During the same interview for my book “America’s Other Army,” Powell said that what was interpreted by some as a policy disagreement over Iraq was actually an effort to exercise caution before going to war. He recalled asking Bush, “Have you thought about everything you are going to get in here? It will be hugely expensive, and it will suck the oxygen out of anything else we are doing. You are now the proud owner of 25 million people. You are the government.”

William Burns, Powell’s assistant secretary of state for Near East affairs, told me in 2012 that there were “fairly fierce debates on how important it was to have a lot of company” going into Iraq. “The argument we tried to make was that the importance of having company going in had little to do with the immediate military challenge” of removing Saddam Hussein from power, said Burns, who is currently director of the CIA. “The biggest challenge was going to be the day after, and it was very obvious that the more company we had, the better we could manage the situation. It’s probably fair to say that the department was shunted to the side, but I don’t buy the argument that it was somehow an abdication on the part of Powell or anyone else. I don’t think that’s true. He fought hard.”
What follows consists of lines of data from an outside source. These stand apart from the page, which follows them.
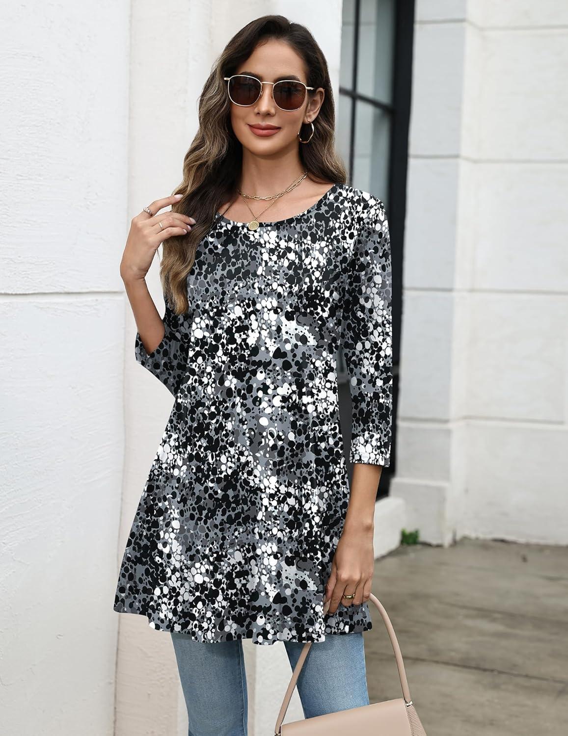 Zeagoo Women Tops 3/4 Sleeve Dressy Casual Plus Size Tunics to Wear with Leggings Swing Flare T-Shirt Loose Blouses S-3XL(Multicolor-cx289)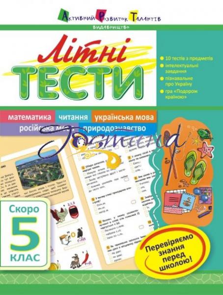 Зошити "Літні тести" допоможуть перевірити готовніть до школи та згадати вивчене у попередньому класі. Зошит включає тести з усіх предметів на певний вік. На додачу: пізнавальна інформація про Україну, інтелектуальні завдання для розвитку кмітливості.А також — настільна гра із картками.;АРТ Карта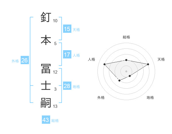 釘本 冨士嗣さんを姓名の画数から五運を鑑定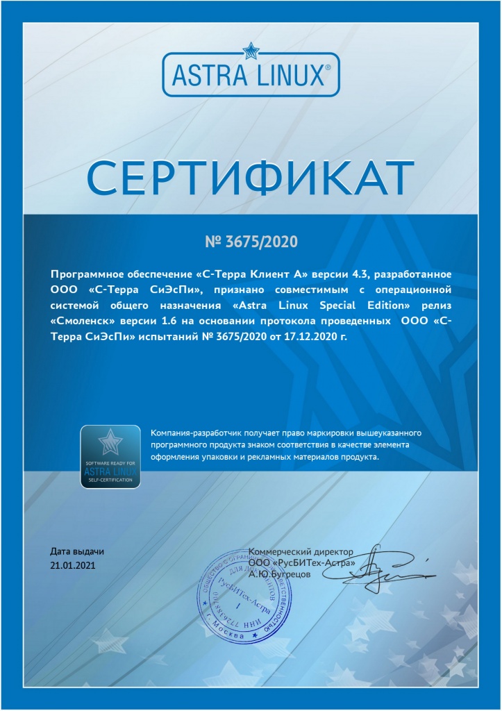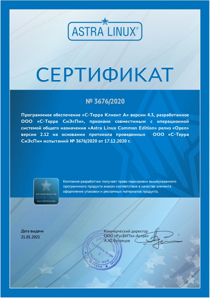 В ходе испытания установлено, что «С-Терра Клиент А», корректно устанавливается и функционирует в указанных ОС, удаление из состава ОС осуществляется успешно. Результаты проведенного исследования на совместимость показали пригодность к применению VPN-клиента с обеими операционными системами Astra Linux и официально подтверждены сертификатами Ready for Astra Linux 3675/2020 и 3676/2020.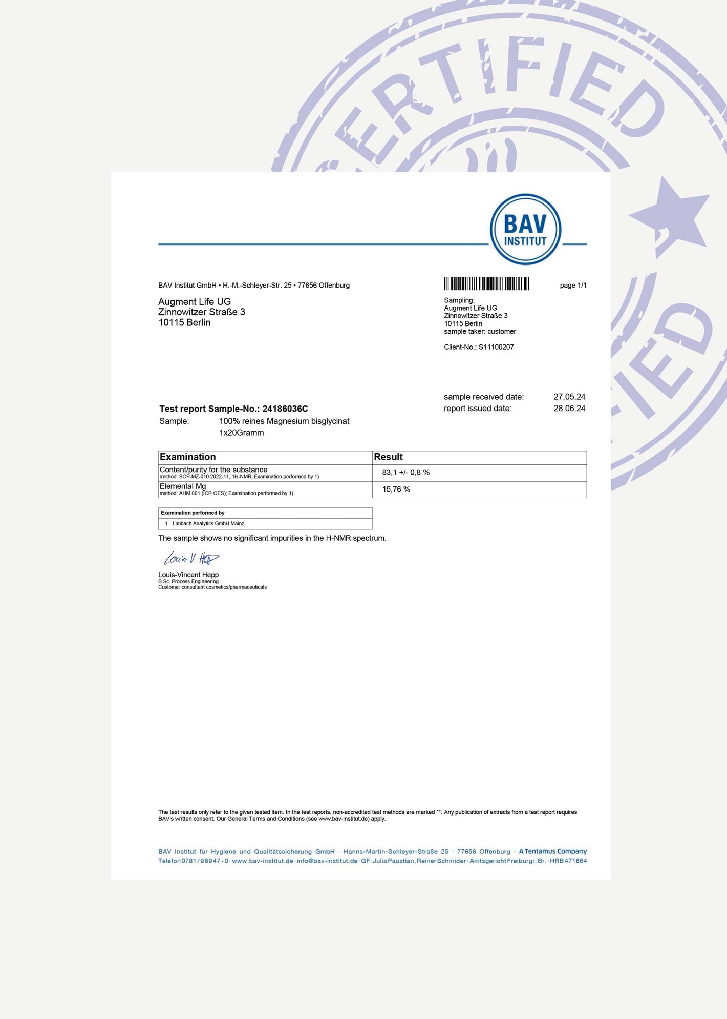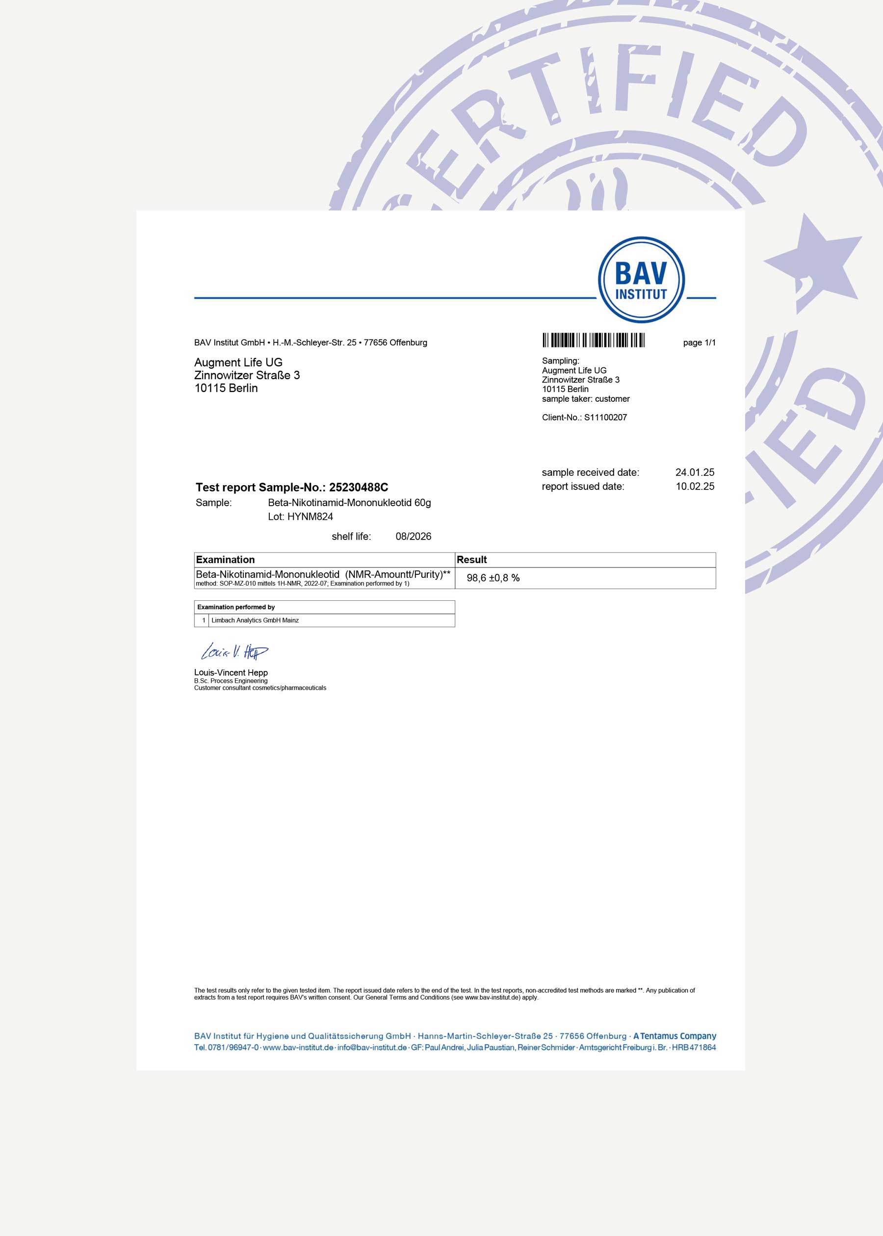 The BAV Institut tests every ingredient we use to confirm purity. Learn More

Powell understood the turf game in Washington as well as anyone and lamented the misperception that all diplomats are Democrats. He deemed many official policy meetings in the White House excruciating and “found it much easier to have a fulsome intellectual conversation” with Bush “when there was a smaller audience in the room or when we were alone, because he didn’t have to be presiding over something,” he told me in 2005.

“There is always a bias in Washington against the State Department, and when you have a very conservative Republican administration, it’s worse,” he said. “The perception is that diplomats are bad — they want to talk people into things, while soldiers fight or get ready to fight.”